Michael Laurent, the AP photographer told the The Times that over 200 students were killed in Dhaka University’s Iqbal Hall and that a mass grave was dug at Jagannath Hall. He saw 20 bodies lying in the dormitories and grounds of the university. He said troops fired bazookas into the Medical College Hospital. But the most damning evidence was a video clip put out by NBC TV of a group of students being mowed down in Dhaka University.
Details on the callousness of the Pakistani top army brass came out in the report of the Hamoodur Rahman Commission which was set up by the Bhutto government to inquire into the debacle in East Pakistan. Lt.Col.Aziz Ahmed Khan told the commission that Gen.A.A.K.Niazi would casually ask subordinate officers: “How many Hindus have you killed?” In May 1971, there was a written order to kill Hindus, Aziz Ahmed Khan told the commission, adding that he had followed orders to destroy all houses in Joydebpur. Brig.Iqbalur Rahman Shariff said that “Bengalis were just clay pigeons to be shot at.”

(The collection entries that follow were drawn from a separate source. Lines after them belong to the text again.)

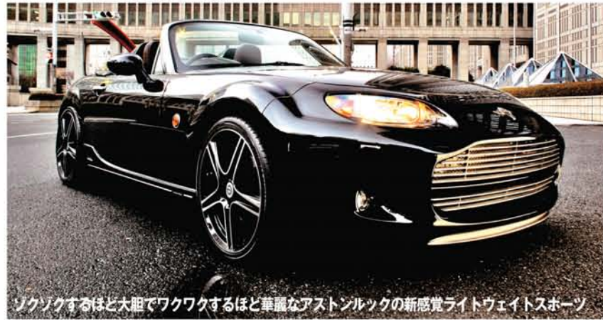
ソクソクするほど大胆でワクワクするほど華麗なアストン・レックの新感覚ライトウェイトスポーツ
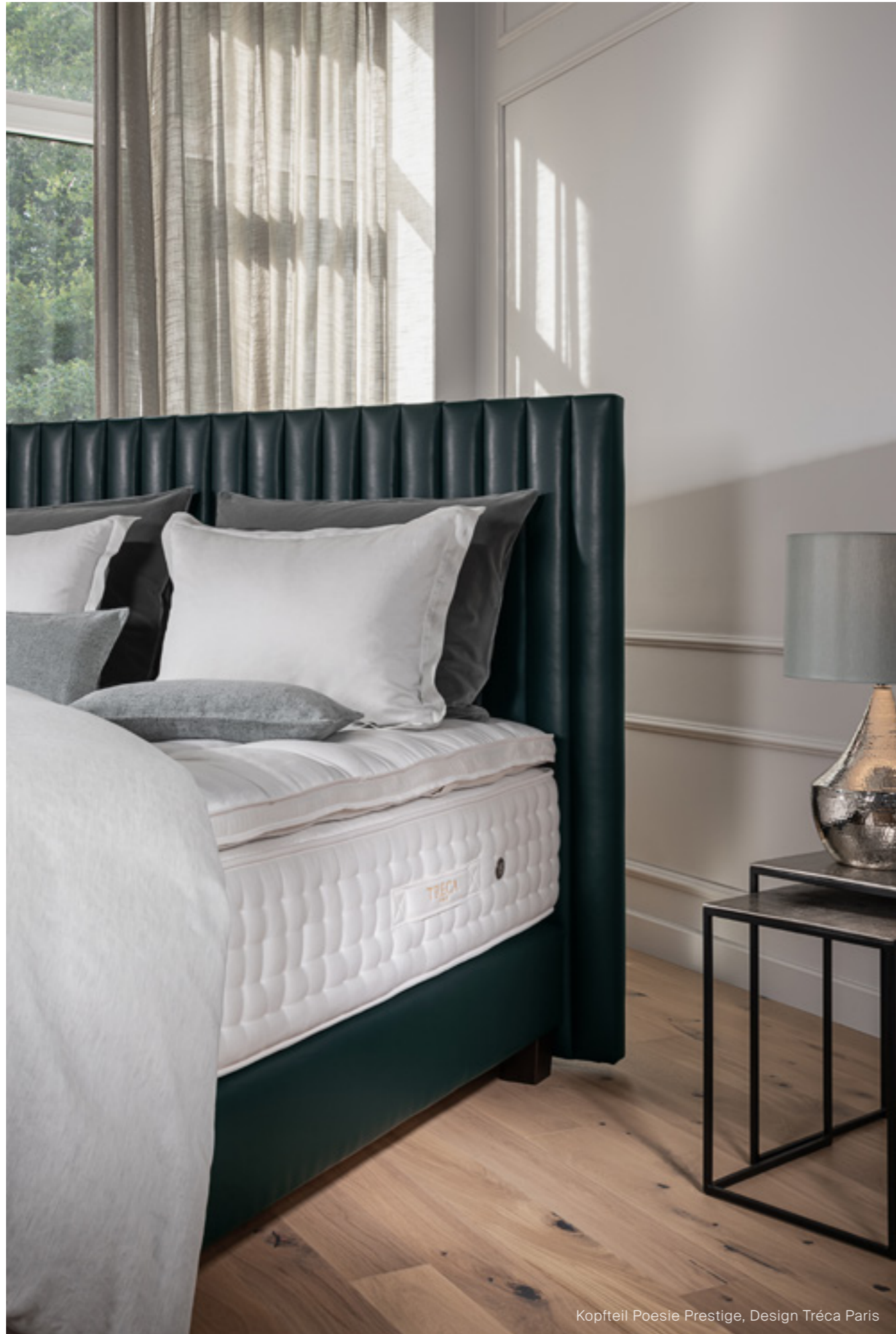
Kopfteil Poesie Prestige, Design Tréca Paris
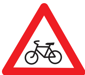
1.24. «Пересечение с велосипедной или велопешеходной дорожкой»
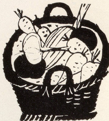
Thomi + Franck AG Basel
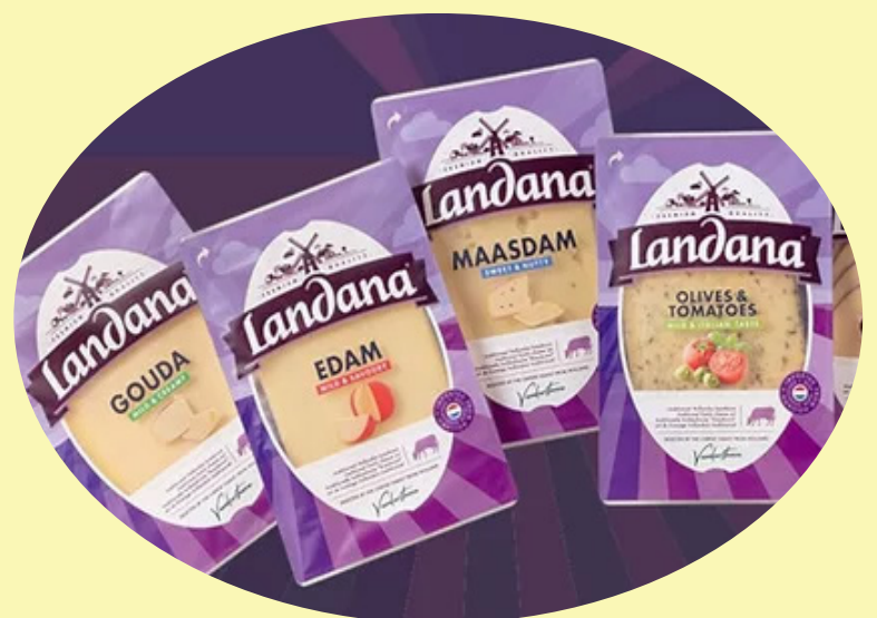
Landana Fromage en tranche Choix : maasdam, edam, gouda ou olives et tomates

Maj.Gen.Rao Farman Ali, who commended the troops in “Operation Searchlight” said: “Harrowing tales of rape, loot, arson, harassment and insulting and degrading behavior were narrated.” Lt.Col. Mansoor ul Haq said: “There was a general feeling of hatred against Bengalis amongst the soldiers and officers, including Generals.”
The Hamoodur Commission recommended trial of President Yahya Khan and a number of army officers. As Prime Minister of an independent Bangladesh, Mujib too wanted to try 195 Pakistani officers. He told New York Times in 1972: “Three million people were cold-bloodedly murdered. Two hundred thousand girls have been raped by the Pakistan army. Ten million people had to migrate to India and another 15 million people moved from place to place out of fear. The world should know what has happened.”
Bhutto did not release the Hamoodur Rahman Commission report to avoid embarrassing the army, and Sheikh Mujib could not try any Pakistani as Bhutto threatened to charge with treason, 400,000 Bengalis living in West Pakistan.